Misalnya, terlihat dalam hal penentuan parpol mana yang bakal dicoblos. Beberapa kelompok masyarakat mengaku bahwa mereka mencoblos suatu parpol atas dasar kesamaan ideologi politik (25 persen). Pun, tak sedikit juga yang menjawab karena sekadar ikut-ikutan pilihan lingkungan sekitar, pilihan turun temurun keluarga, dan ada juga yang memilih parpol hanya karena menyukai ketua partainya saja.
Akan tetapi, kata Aji, untuk urusan memilih presiden warga DIY punya kecenderungan yang serupa. Separuh lebih responden (52 persen) mengaku bahwa mereka akan memilih calon presiden karena figur tersebut dianggap dekat dengan rakyat. Indikatornya, adalah karena figur ini sering blusukan dan berdialog langsung bersama warga.
“Blusukan dan paham ekonomi rakyat masih akan menjadi simpul untuk menaikkan elektabilitas di Daerah Istimewa Yogyakarta, terutama bagi pemilih muda,” papar dosen Administrasi Publik Universitas Diponegoro ini, Kamis (29/12/2022).
Politik uang masih jadi masalah akut
Kendati partisipasi politik masyarakat DIY cukup tinggi, hal ini juga berbanding lurus dengan masalah yang mengikutinya. Salah satunya terkait politik uang atau money politic.
Warga Jogja mengaku, bahwa mereka pesimis politik uang dapat dihilangkan. Perasaan pesimistis ini selaras dengan kecenderungan mereka yang cukup menerima kehadiran money politic itu sendiri.
Ketika responden ditanya, “apabila terdapat politik uang di lingkungan dekat tempat tinggalnya, apakah tetangga responden akan turut menerima uang tersebut”, sebesar 25,8 persen menjawab akan menerima dan memilih kandidat yang diminta. Adapun 30,7 persen yang lain mengatakan akan menerima tapi tidak akan memilih kandidat yang diminta.

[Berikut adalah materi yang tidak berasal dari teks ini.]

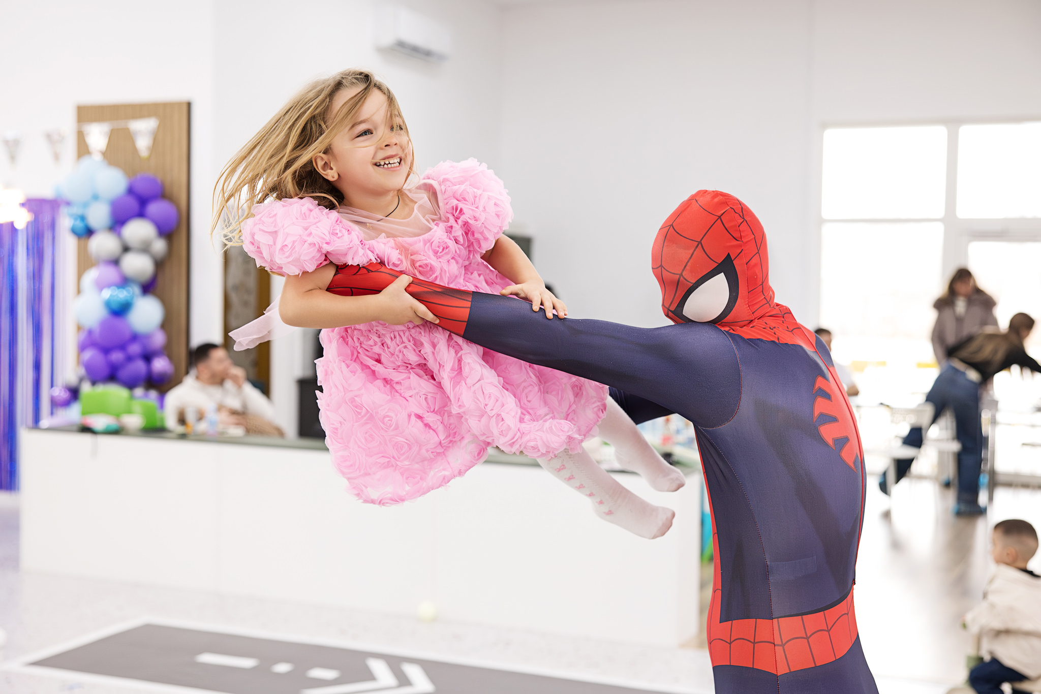 Animatorul Puiu Dan, costumat în Spider-Man, a știut să țină copiii conectați, implicați și relaxați. Iar când copiii sunt prinși în joc, apar cele mai bune cadre: râsete largi, expresii autentice, mișcare.

Bahkan, saat mereka ditanya apakah akan melaporkan praktik politik uang apabila terjadi di wilayah mereka, nyaris seluruh responden (81,3 persen) mengatakan tidak akan melaporkan tindakan itu.
“Sebesar 65,5 persen merasa bukan urusan mereka, sebesar 15,8 persen karena sedikit takut. Hanya sebesar 17,2 persen yang mengatakan akan melaporkan,” urai laporan tersebut.
Pakar Kepemiluan Mada Sukmajati menyebut, sikap permisif masyarakat DIY atas politik uang hendaknya menjadi warning bagi para pemangku kebijakan. Khususnya karena ini mendekati tahun-tahun pemilu.
“Politik uang masih sangat kuat,” ujar Mada, yang juga menjadi pembicara dalam acara rilis hasil penelitian tersebut, Kamis (29/12/2022).
“Dan ini perlu untuk menjadi catatan bagi para pemangku kebijakan, terutama mengingat banyak warga masyarakat yang tidak terlalu peduli dengan adanya praktik politik uang,” tutup Dosen DPP UGM ini.